*** Opening of Provided material ***

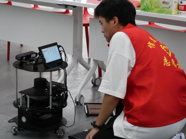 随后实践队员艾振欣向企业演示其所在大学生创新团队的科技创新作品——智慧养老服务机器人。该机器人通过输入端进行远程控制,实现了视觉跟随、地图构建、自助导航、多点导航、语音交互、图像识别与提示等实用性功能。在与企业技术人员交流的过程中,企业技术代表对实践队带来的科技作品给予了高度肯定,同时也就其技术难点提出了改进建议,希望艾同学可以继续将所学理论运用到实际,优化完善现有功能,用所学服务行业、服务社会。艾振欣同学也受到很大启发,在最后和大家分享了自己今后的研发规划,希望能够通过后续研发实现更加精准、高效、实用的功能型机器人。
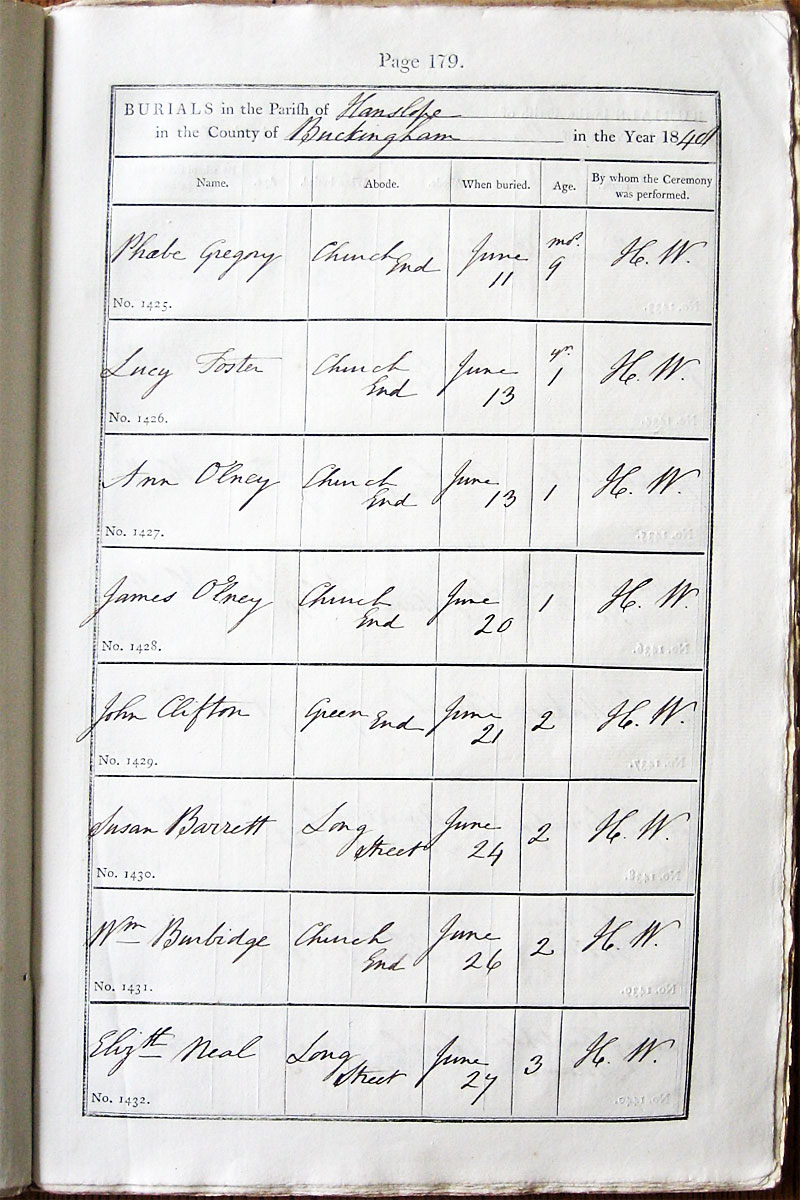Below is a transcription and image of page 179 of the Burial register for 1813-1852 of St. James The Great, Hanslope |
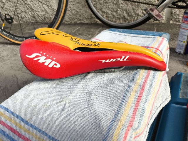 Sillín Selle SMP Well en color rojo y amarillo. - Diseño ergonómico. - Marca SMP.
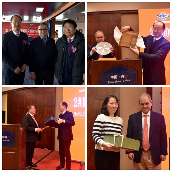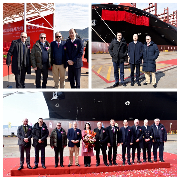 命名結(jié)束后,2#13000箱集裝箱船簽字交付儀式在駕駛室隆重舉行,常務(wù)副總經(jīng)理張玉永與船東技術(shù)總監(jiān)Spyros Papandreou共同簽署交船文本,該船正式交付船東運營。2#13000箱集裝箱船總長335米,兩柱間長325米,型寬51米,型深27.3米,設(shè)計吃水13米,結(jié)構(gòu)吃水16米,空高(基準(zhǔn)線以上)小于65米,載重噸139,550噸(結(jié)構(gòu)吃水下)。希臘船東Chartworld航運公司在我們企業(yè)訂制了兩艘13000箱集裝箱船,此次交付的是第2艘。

*** Close of Provided material ***
*** Opening of Provided material ***

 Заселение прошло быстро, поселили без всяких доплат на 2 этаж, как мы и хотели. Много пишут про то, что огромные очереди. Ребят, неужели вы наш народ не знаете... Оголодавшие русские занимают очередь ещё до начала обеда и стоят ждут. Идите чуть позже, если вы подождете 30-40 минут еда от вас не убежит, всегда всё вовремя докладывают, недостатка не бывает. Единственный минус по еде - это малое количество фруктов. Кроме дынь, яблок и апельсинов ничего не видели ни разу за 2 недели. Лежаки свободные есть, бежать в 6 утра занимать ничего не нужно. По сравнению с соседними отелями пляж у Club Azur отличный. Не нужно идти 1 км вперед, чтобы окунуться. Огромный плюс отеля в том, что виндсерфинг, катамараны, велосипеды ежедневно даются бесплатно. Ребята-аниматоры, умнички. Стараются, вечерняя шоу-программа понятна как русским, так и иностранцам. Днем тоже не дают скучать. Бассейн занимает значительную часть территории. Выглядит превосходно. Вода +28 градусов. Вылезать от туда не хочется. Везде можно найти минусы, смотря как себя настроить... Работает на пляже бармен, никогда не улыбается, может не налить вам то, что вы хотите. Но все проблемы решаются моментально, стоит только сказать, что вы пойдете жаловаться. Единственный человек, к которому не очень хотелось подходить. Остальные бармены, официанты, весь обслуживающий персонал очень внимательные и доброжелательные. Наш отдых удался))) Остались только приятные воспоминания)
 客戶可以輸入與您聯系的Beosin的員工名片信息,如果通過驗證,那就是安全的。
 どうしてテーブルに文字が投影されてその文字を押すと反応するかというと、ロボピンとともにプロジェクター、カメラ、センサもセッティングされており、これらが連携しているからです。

*** Close of Provided material ***
*** Opening of Provided material ***

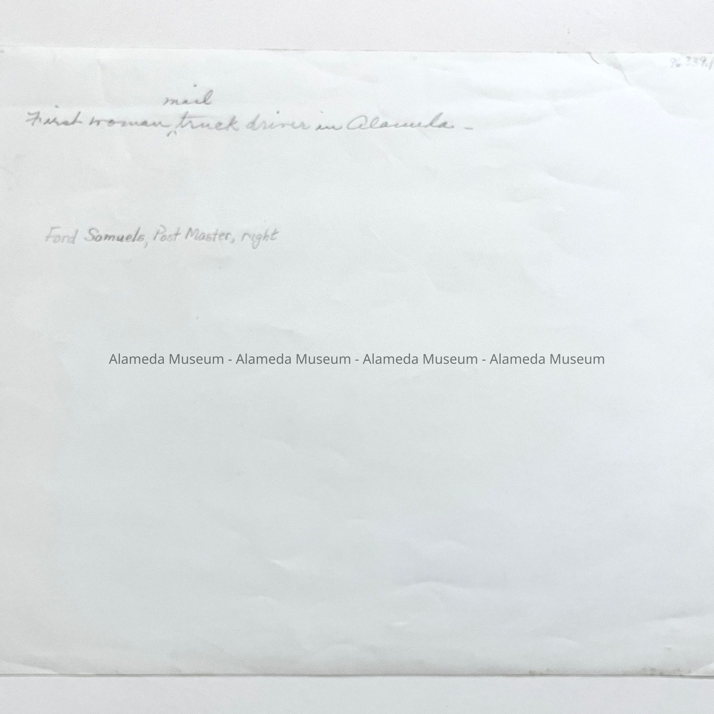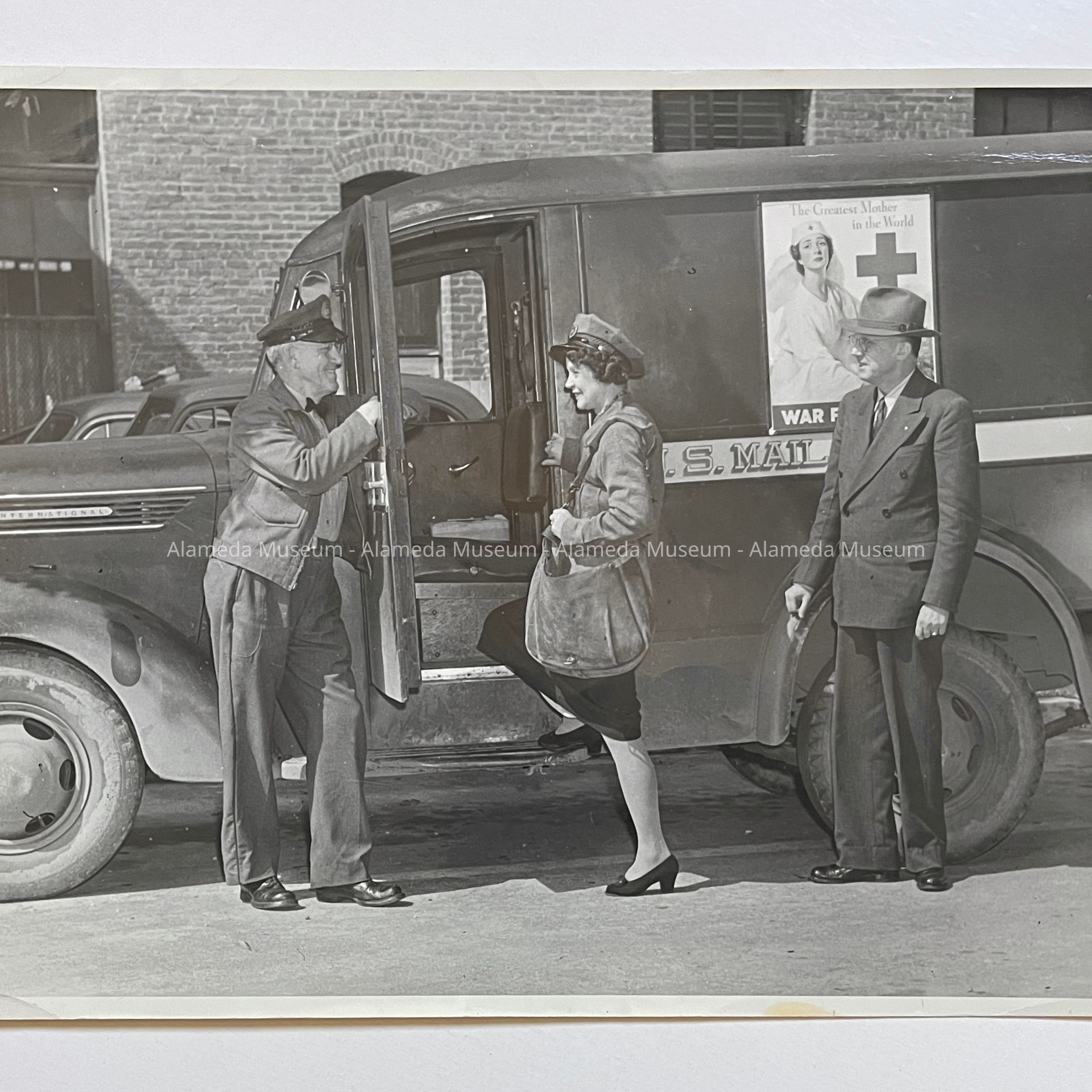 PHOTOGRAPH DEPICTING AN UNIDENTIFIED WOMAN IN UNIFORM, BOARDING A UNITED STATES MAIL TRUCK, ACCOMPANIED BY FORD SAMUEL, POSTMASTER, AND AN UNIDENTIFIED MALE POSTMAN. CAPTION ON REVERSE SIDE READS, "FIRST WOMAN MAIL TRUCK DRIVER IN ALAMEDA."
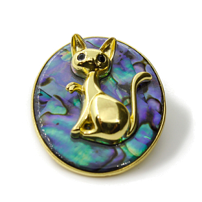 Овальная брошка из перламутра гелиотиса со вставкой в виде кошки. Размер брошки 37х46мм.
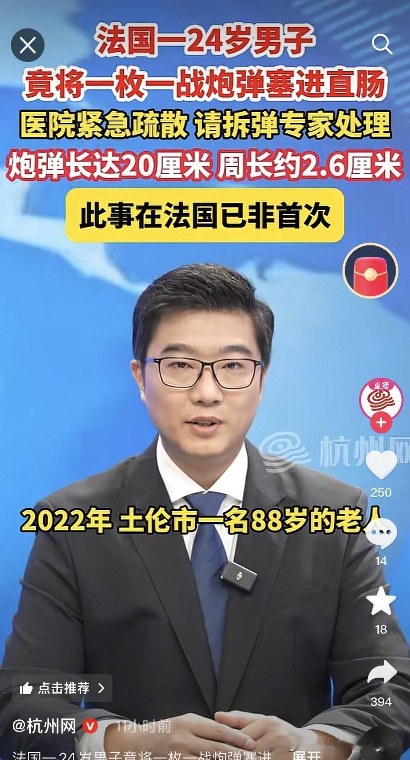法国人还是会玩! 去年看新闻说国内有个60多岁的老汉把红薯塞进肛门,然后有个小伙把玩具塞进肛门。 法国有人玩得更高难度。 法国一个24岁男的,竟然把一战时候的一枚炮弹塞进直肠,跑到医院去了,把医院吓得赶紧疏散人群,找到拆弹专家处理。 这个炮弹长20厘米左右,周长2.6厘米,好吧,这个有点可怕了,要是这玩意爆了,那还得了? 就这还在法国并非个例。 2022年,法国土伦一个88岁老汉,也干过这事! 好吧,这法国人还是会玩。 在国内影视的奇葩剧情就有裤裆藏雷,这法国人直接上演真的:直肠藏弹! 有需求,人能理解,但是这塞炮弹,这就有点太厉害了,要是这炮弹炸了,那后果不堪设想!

*** Close of Provided material ***

Action item: Using the data above, return the lines from the one holding "随后实践队员艾振欣向企业演示" through the one holding "命名結(jié)束后,2#1" exactly, but not the pictures.

Exercise answer:
 随后实践队员艾振欣向企业演示其所在大学生创新团队的科技创新作品——智慧养老服务机器人。该机器人通过输入端进行远程控制,实现了视觉跟随、地图构建、自助导航、多点导航、语音交互、图像识别与提示等实用性功能。在与企业技术人员交流的过程中,企业技术代表对实践队带来的科技作品给予了高度肯定,同时也就其技术难点提出了改进建议,希望艾同学可以继续将所学理论运用到实际,优化完善现有功能,用所学服务行业、服务社会。艾振欣同学也受到很大启发,在最后和大家分享了自己今后的研发规划,希望能够通过后续研发实现更加精准、高效、实用的功能型机器人。
Below is a transcription and image of page 179 of the Burial register for 1813-1852 of St. James The Great, Hanslope |
 Sillín Selle SMP Well en color rojo y amarillo. - Diseño ergonómico. - Marca SMP.
 命名結(jié)束后,2#13000箱集裝箱船簽字交付儀式在駕駛室隆重舉行,常務(wù)副總經(jīng)理張玉永與船東技術(shù)總監(jiān)Spyros Papandreou共同簽署交船文本,該船正式交付船東運營。2#13000箱集裝箱船總長335米,兩柱間長325米,型寬51米,型深27.3米,設(shè)計吃水13米,結(jié)構(gòu)吃水16米,空高(基準(zhǔn)線以上)小于65米,載重噸139,550噸(結(jié)構(gòu)吃水下)。希臘船東Chartworld航運公司在我們企業(yè)訂制了兩艘13000箱集裝箱船,此次交付的是第2艘。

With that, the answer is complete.